(Records from a collection)
━━━
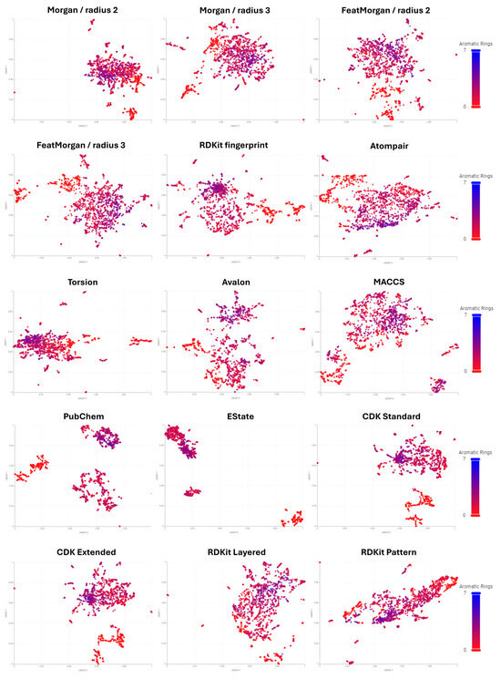 - Boldini, D.; Ballabio, D.; Consonni, V.; Todeschini, R.; Grisoni, F.; Sieber, S.A. Effectiveness of Molecular Fingerprints for Exploring the Chemical Space of Natural Products. J. Cheminform. 2024, 16, 35. [Google Scholar] [CrossRef] [PubMed]
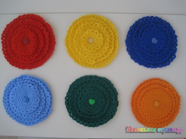 Материал: Кружки разной величины и разных цветов: красный, синий, зеленый, желтый и т.д.
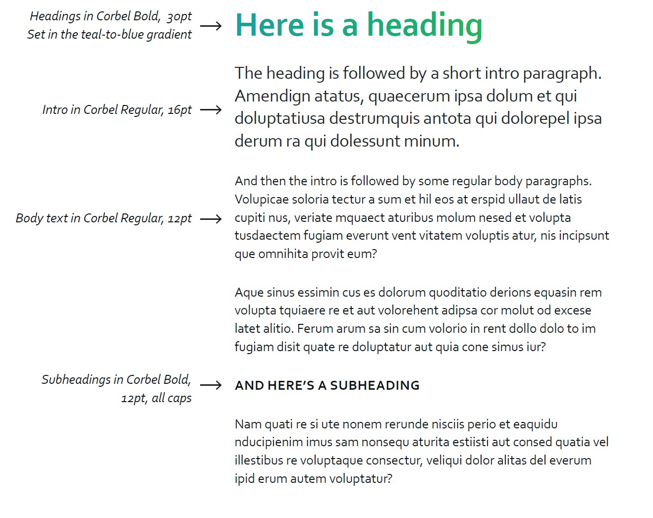 Early on in the process, the Ibis Healthcare team identified the need to base the typography system around a font face that was easily accessible. We landed on Corbel for its clarity, versatility, and its availability across Windows devices.
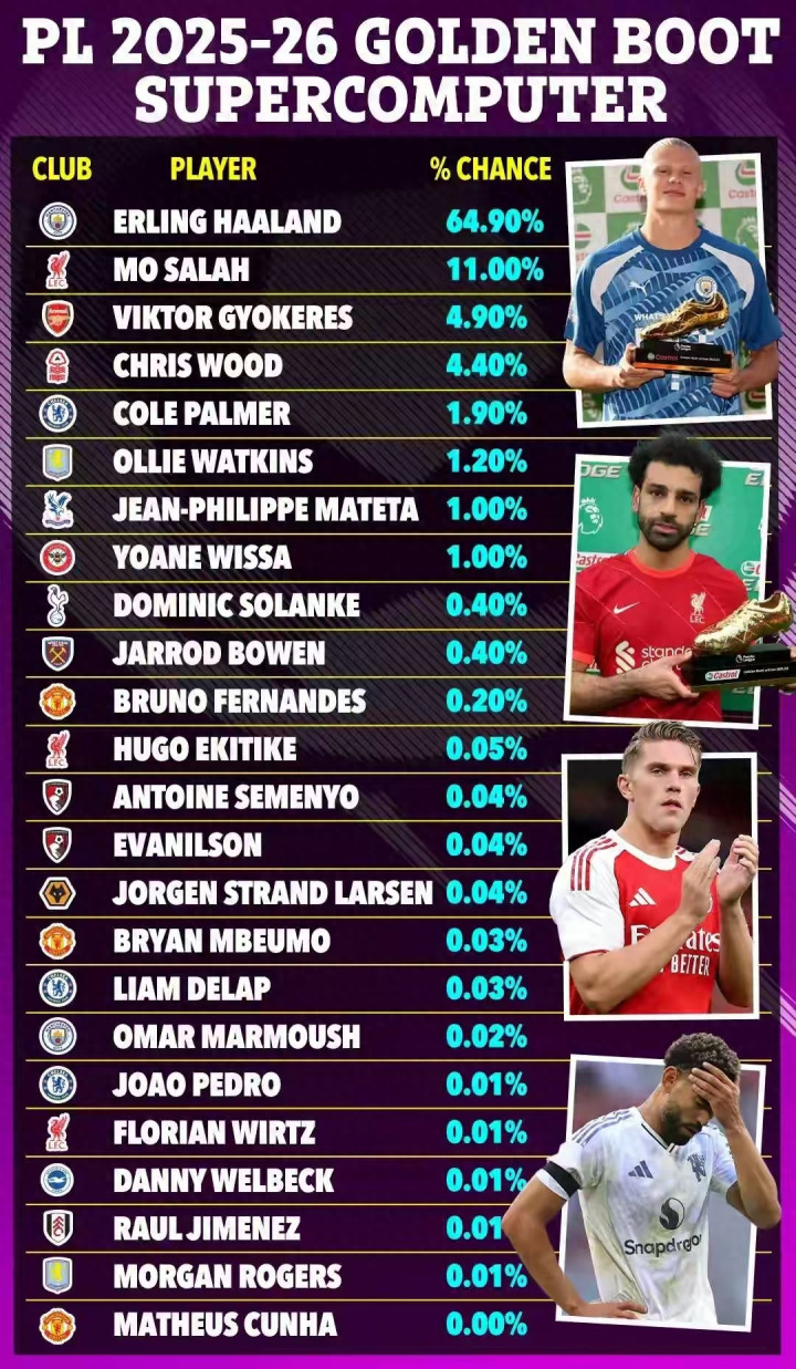超级计算机CasinoHawks近日闲着没事,于是乎预测了2025-26赛季的英超金靴得主,结果曼城的硬仗软脚虾哈兰德遥遥领先,上赛季的英超金靴萨拉赫排名第二,阿森纳新援、最近2个赛季葡超金靴约克雷斯排名第三,而上赛季的英超银靴伊萨克直接消失了……
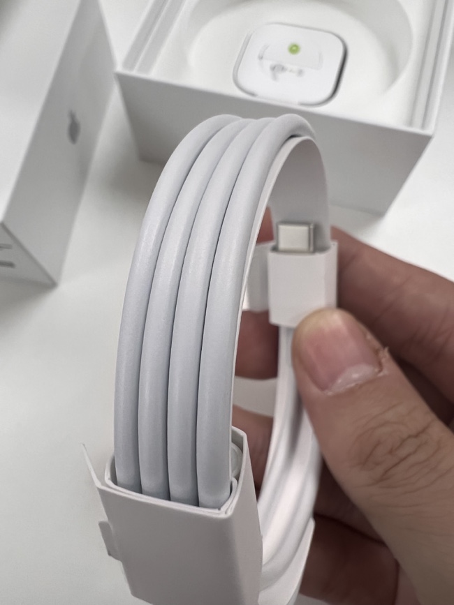 라이트닝 to C타입 케이블을 여전히 동봉해 준 점은 고맙지만, 요즘 애플 매직 키보드 같은 구성품으로는 패브릭 재질의 라이트닝 케이블을 동봉해 주던데 에어팟 프로 맥세이프 버전은 구형 케이블과 동일한 선재입니다. 그리고 여분의 이어팁이 들어 있습니다.
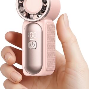 Gaiatop Portable Handheld Mini Fan, 6 Speeds 16900 RPM High Velocity Personal Fan with LED Display, USB Rechargeable, Mini Fan with Lanyard for Makeup, Travel, Outdoor Fan for Women Girl Gift, Pink
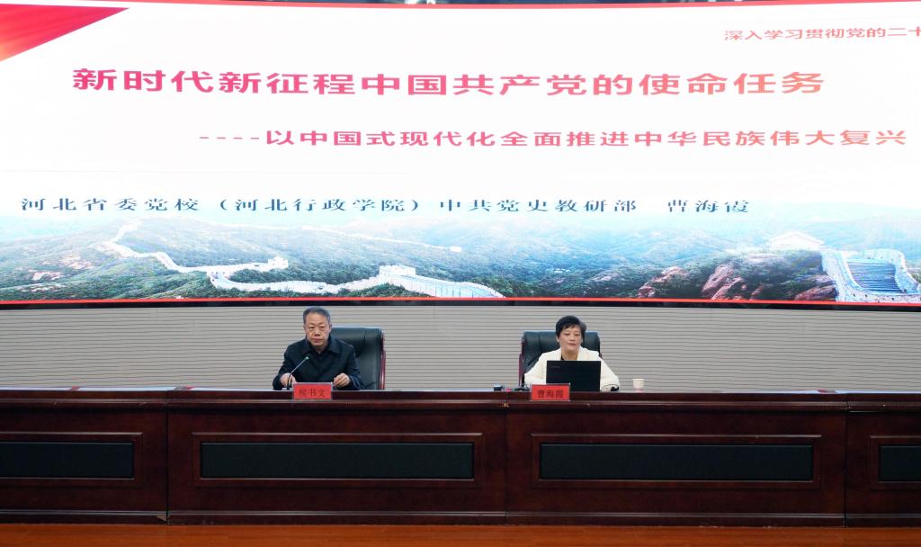 4月6日下午,best365足球官网学习贯彻党的二十大精神专题培训第四讲在best365春秋讲堂举行。党委副书记侯书文主持,中共河北省委党校党校中共党史教研部曹海霞副教授应邀作了题为《中国共产党的使命任务——以中国式现代化全面推进中华民族伟大复兴》的专题报告。
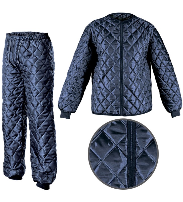 Komplet – bluza sa zipom i pantalone sa učkurom i zipom, obostrano štepani uložak sa elastičnim manžetnama na krajevima rukava i nogavica, koflin 150 g, prikladan za nošenje ispod radne odeće u hladnijim vremenskim uslovima.
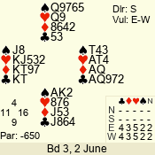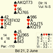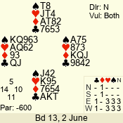 3 NT | S | +1 | 630 | K | 05 - 04 | 2 | 5 | w |
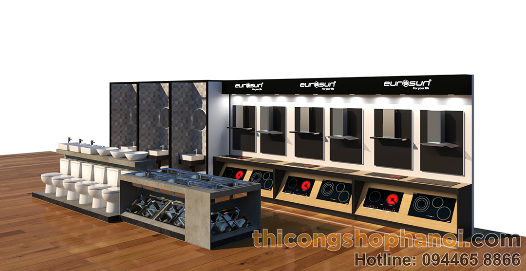 đổi lại tên: Thiết kế và thi công Tủ kệ trưng bày TBVS Sen vòi, Bếp từ cho đại lý 2025-03-25 Trường An
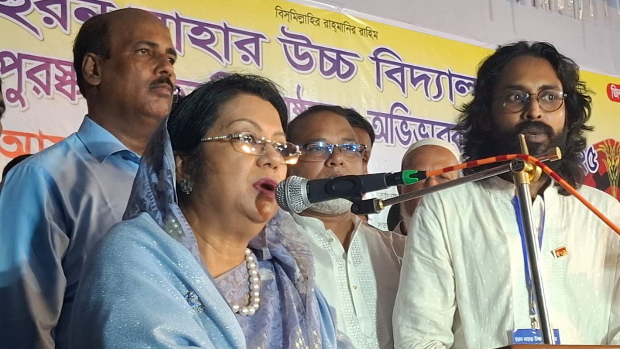 মঙ্গলবার (২১ অক্টোবর) বিকেলে মা হুরুণ নাহারের নামে প্রতিষ্ঠিত হরুন নাহার উচ্চ বিদ্যালয়ের বার্ষিক পুরস্কার বিতরণী ও অভিভাবক সমাবেশে প্রধান অতিথির বক্তব্যে তিনি একথা বলেন।আফরোজা খানম রিতা বলেন, আগামী নির্বাচনে সকলকে ঐক্যবদ্ধভাবে ধানের শীষকে বিজয়ী করার লক্ষ্যে কাজ করে যেতে হবে। ধানের শীষকে বিজয় করার জন্য আমরা সকলে ধর্ম বর্ণের ঊর্ধ্বে থেকে দ্বিধাদ্বন্দ্ব ভুলে একে অপরের বন্ধু হয়ে কাজ করে যাব। উদ্দেশ্য- ধানের শীষকে ক্ষমতায় এনে দেশে শান্তি প্রতিষ্ঠা করা।
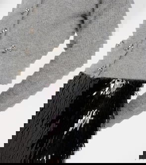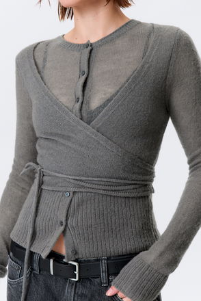 A cropped wrap cardigan made from a soft yarn composed of responsible materials. This lightweight knit has a plunging neckline and an extra long drawstring tie that wraps twice around the body.
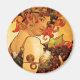 Alphonse Mucha Fruit magnet. Lithograph poster from 1897. Czech artist Alphonse Mucha painted a variety of different allegories throughout his career. Fruit depicts a beautiful woman holding an armful of purple grapes, green pears, figs and red apples. The woman’s dark hair is adorned with flowers and leaves, and she wears a light blue art nouveau dress with silver clasps and gold armband. A beautiful gift for fans of Mucha, art nouveau posters, and vintage prints.
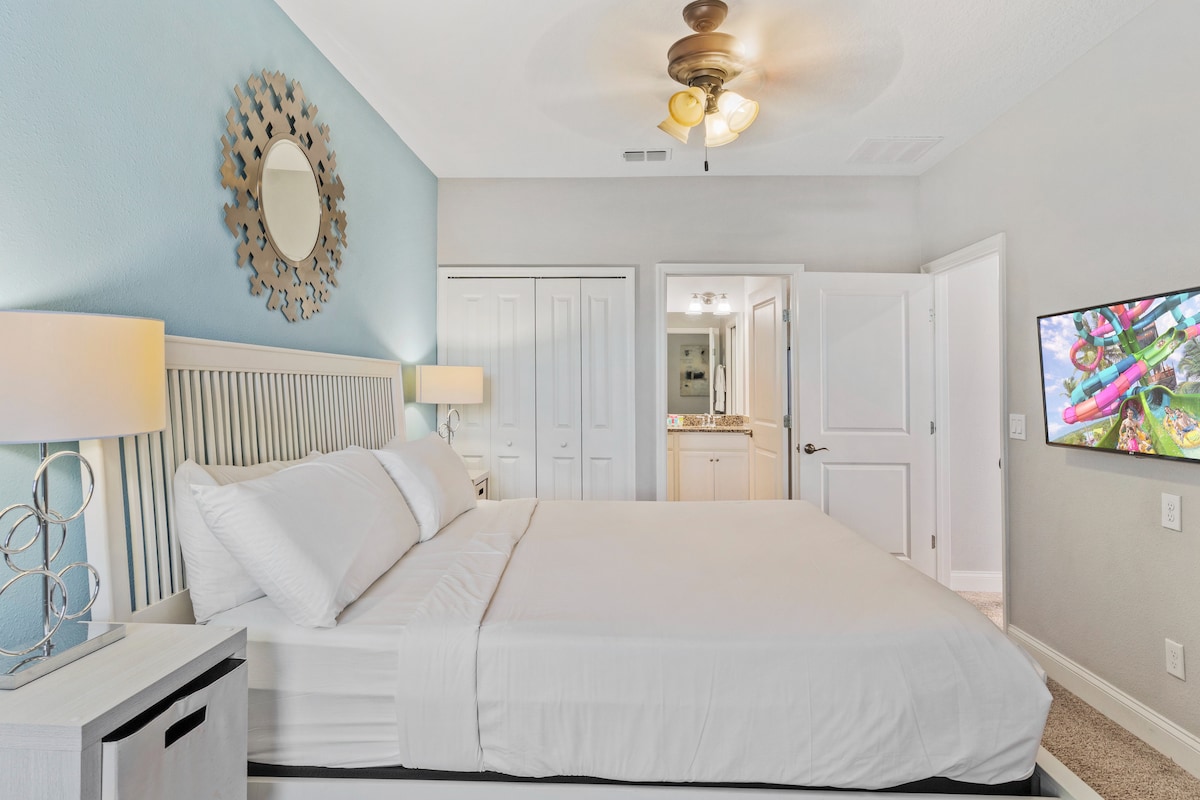 Festival Resort itself offers an array of amenities for guests to enjoy, including a stunning clubhouse with a fitness center, resort-style swimming pool, water park, and playgrounds for the little ones. With its convenient location near Disney World and a wealth of amenities, our vacation home at Festival Resort promises an unforgettable escape for your next Orlando adventure.
━━━
= About this task =
Keep the pictures out and print all the records exactly as they are.

= Your solution =
 - Boldini, D.; Ballabio, D.; Consonni, V.; Todeschini, R.; Grisoni, F.; Sieber, S.A. Effectiveness of Molecular Fingerprints for Exploring the Chemical Space of Natural Products. J. Cheminform. 2024, 16, 35. [Google Scholar] [CrossRef] [PubMed]
 Материал: Кружки разной величины и разных цветов: красный, синий, зеленый, желтый и т.д.
 Early on in the process, the Ibis Healthcare team identified the need to base the typography system around a font face that was easily accessible. We landed on Corbel for its clarity, versatility, and its availability across Windows devices.
超级计算机CasinoHawks近日闲着没事,于是乎预测了2025-26赛季的英超金靴得主,结果曼城的硬仗软脚虾哈兰德遥遥领先,上赛季的英超金靴萨拉赫排名第二,阿森纳新援、最近2个赛季葡超金靴约克雷斯排名第三,而上赛季的英超银靴伊萨克直接消失了……
 라이트닝 to C타입 케이블을 여전히 동봉해 준 점은 고맙지만, 요즘 애플 매직 키보드 같은 구성품으로는 패브릭 재질의 라이트닝 케이블을 동봉해 주던데 에어팟 프로 맥세이프 버전은 구형 케이블과 동일한 선재입니다. 그리고 여분의 이어팁이 들어 있습니다.
 Gaiatop Portable Handheld Mini Fan, 6 Speeds 16900 RPM High Velocity Personal Fan with LED Display, USB Rechargeable, Mini Fan with Lanyard for Makeup, Travel, Outdoor Fan for Women Girl Gift, Pink
 4月6日下午,best365足球官网学习贯彻党的二十大精神专题培训第四讲在best365春秋讲堂举行。党委副书记侯书文主持,中共河北省委党校党校中共党史教研部曹海霞副教授应邀作了题为《中国共产党的使命任务——以中国式现代化全面推进中华民族伟大复兴》的专题报告。
 Komplet – bluza sa zipom i pantalone sa učkurom i zipom, obostrano štepani uložak sa elastičnim manžetnama na krajevima rukava i nogavica, koflin 150 g, prikladan za nošenje ispod radne odeće u hladnijim vremenskim uslovima.
 3 NT | S | +1 | 630 | K | 05 - 04 | 2 | 5 | w |
 đổi lại tên: Thiết kế và thi công Tủ kệ trưng bày TBVS Sen vòi, Bếp từ cho đại lý 2025-03-25 Trường An
 মঙ্গলবার (২১ অক্টোবর) বিকেলে মা হুরুণ নাহারের নামে প্রতিষ্ঠিত হরুন নাহার উচ্চ বিদ্যালয়ের বার্ষিক পুরস্কার বিতরণী ও অভিভাবক সমাবেশে প্রধান অতিথির বক্তব্যে তিনি একথা বলেন।আফরোজা খানম রিতা বলেন, আগামী নির্বাচনে সকলকে ঐক্যবদ্ধভাবে ধানের শীষকে বিজয়ী করার লক্ষ্যে কাজ করে যেতে হবে। ধানের শীষকে বিজয় করার জন্য আমরা সকলে ধর্ম বর্ণের ঊর্ধ্বে থেকে দ্বিধাদ্বন্দ্ব ভুলে একে অপরের বন্ধু হয়ে কাজ করে যাব। উদ্দেশ্য- ধানের শীষকে ক্ষমতায় এনে দেশে শান্তি প্রতিষ্ঠা করা।
 A cropped wrap cardigan made from a soft yarn composed of responsible materials. This lightweight knit has a plunging neckline and an extra long drawstring tie that wraps twice around the body.
 Alphonse Mucha Fruit magnet. Lithograph poster from 1897. Czech artist Alphonse Mucha painted a variety of different allegories throughout his career. Fruit depicts a beautiful woman holding an armful of purple grapes, green pears, figs and red apples. The woman’s dark hair is adorned with flowers and leaves, and she wears a light blue art nouveau dress with silver clasps and gold armband. A beautiful gift for fans of Mucha, art nouveau posters, and vintage prints.
 Festival Resort itself offers an array of amenities for guests to enjoy, including a stunning clubhouse with a fitness center, resort-style swimming pool, water park, and playgrounds for the little ones. With its convenient location near Disney World and a wealth of amenities, our vacation home at Festival Resort promises an unforgettable escape for your next Orlando adventure.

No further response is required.